AAV-Mediated Gene Therapy

AAVs are small, non-enveloped viruses of the Parvoviridae family that package a single-stranded linear DNA genome. These vectors are attractive for use in gene therapy, as they are non-pathogenic; AAVs have not been associated with any human disease. They have a very low rate of integration, and the recombinant virus even lacks the site-specific integration machinery of the native virus.35 They do not trigger a significant immune response,36 and transgene expression can persist for years; expression has been shown for up to 4 years37, 38 in the human CNS and 15 years in non-human primates.39

Advances in the engineering of recombinant AAVs has generated methods for fast production with standards for human use, in a reliable, highly pure, and affordable manner.36, 40 Recently, the use of AAVs for gene therapy has been significantly increased with the US Food and Drug Administration (FDA) approval of two gene therapies for blood cancer and an AAV-based gene therapy for a genetic form of blindness (Box 1).41, 42

Box 1. A Promising Outlook for AAV-Based Gene Therapies.

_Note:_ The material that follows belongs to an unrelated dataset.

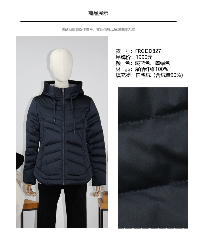 FOCALS福柯斯新款纯色修身连帽短款连帽羽绒服FRGDD827

The promise of gene therapy to revolutionize the treatment of disease has finally come to fruition. Gene therapies using AAV have recently gained approval by regulatory agencies (e.g., Glybera by the European Medicine Agency and Luxturna by the US Food and Drug Administration [FDA]). A strong commitment to gene therapy is underscored by the number of companies as well as academic and government institutions that are pursuing clinical trials. Over 2,200 gene therapy clinical trials have been initiated, of which at least 110 are active trials using AAVs117 (see https://clinicaltrials.gov/). Moreover, the FDA has given breakthrough or fast track designations to several gene therapy clinical trials. These designations allow for a faster review process for life-threatening diseases, suggesting confidence in gene therapy by regulatory agencies.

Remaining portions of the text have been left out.